Certainement pas le GOTY 2022, et pourtant… Cela faisait si longtemps que je n’avais pas autant accroché à un jeu.
Jeu de stratégie en temps réelle avec pause active, c’est comme un Fire Emblem, mais en temps réel, ou un X-COM mais sans les interactions avec le décor, et sans quadrillage. On recrute ses petites troupes, on les équipe, on leur fait gagner des niveaux, on les fait progresser dans leur arbre de compétences, et on les envoie tabasser des ennemis. Entre les missions on peut aller leur faire coucou lors d’une balade dans la caserne qui nous sert de hub. Par contre il n’y a pas d’affinité et on ne peut pas prendre le thé ou pécho. Et ils reviennent toujours même s’ils se font descendre au combat.
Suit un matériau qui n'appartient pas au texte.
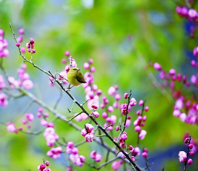 湖南省龍山縣,花兒開(kāi)放,引來(lái)小鳥(niǎo)“鬧春戲花”。新華社發(fā)
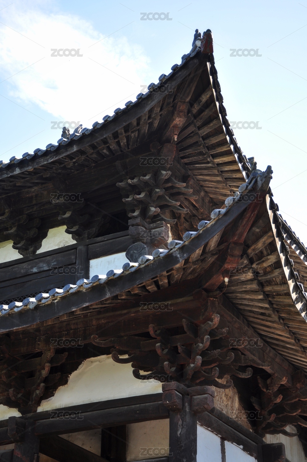 中国山西省大同市云冈石窟阁楼屋檐斗拱建筑
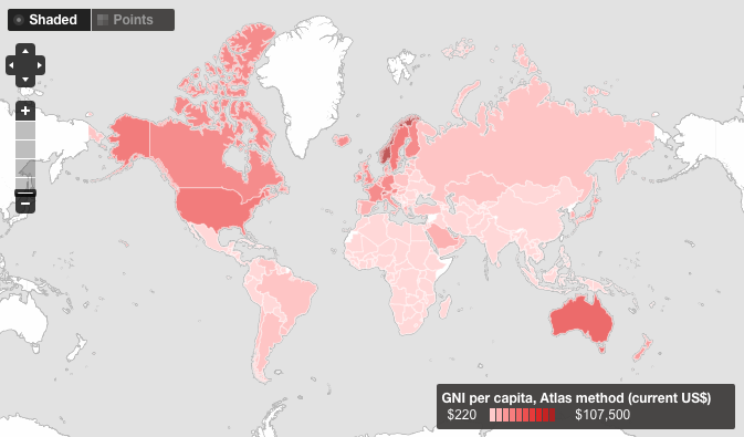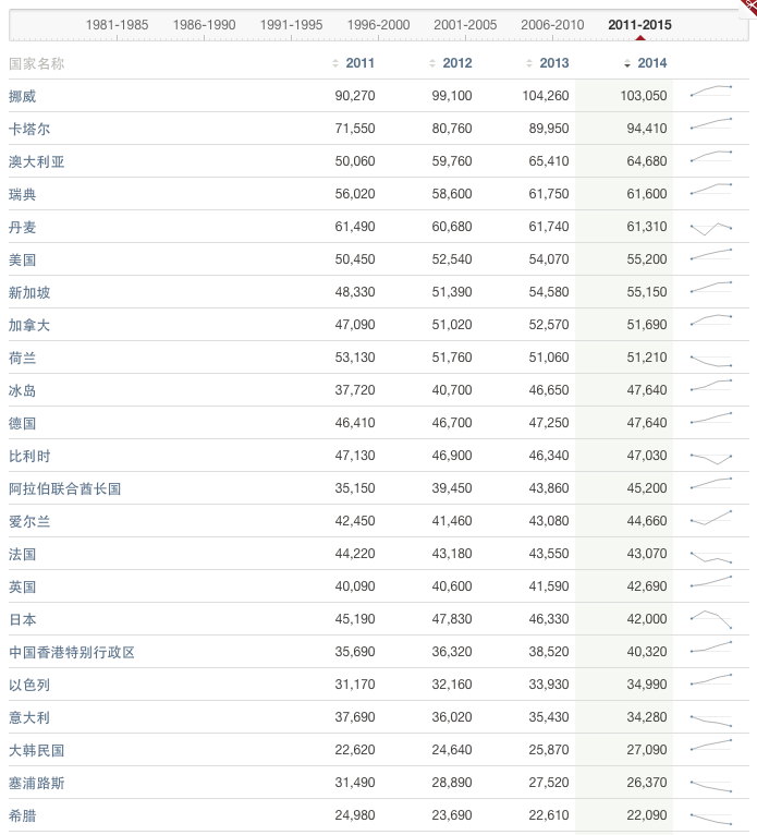 以下是按图表集法衡量的人均国民总收入(GNI)(现价美元),比GDP人家小国当然比不过我们,但是人均的话就秒杀我们了,实际上我们都知道,人均的数据对人民生活水平才更有意义。

Chaque mission s’effectue avec une unité de 8 gus (il y a 16 personnages recrutables), 4 actifs et 4 en support (ils ne sont pas présents sur la carte, mais on peut appeler certaines de leurs compétences, lors du tour d’un personnage actif). Comme dans FE il y a plusieurs types d’unités, on retrouve les classiques assassin, soldat, mage gentil, mage méchant, cavalier, wyverne etc… Les armes équipées décident quelles techniques sont dispo pour quels personnages, et un arbre qui permet de débloquer des armes plus avancées. Chaque classe a aussi son propre arbre de compétence (en plus de celui du personnage) qui débloquera des améliorations pour les techniques/attaques. Enfin on a des invocations qui claquent, avec des animations et tout, et là encore un arbre à faire progresser.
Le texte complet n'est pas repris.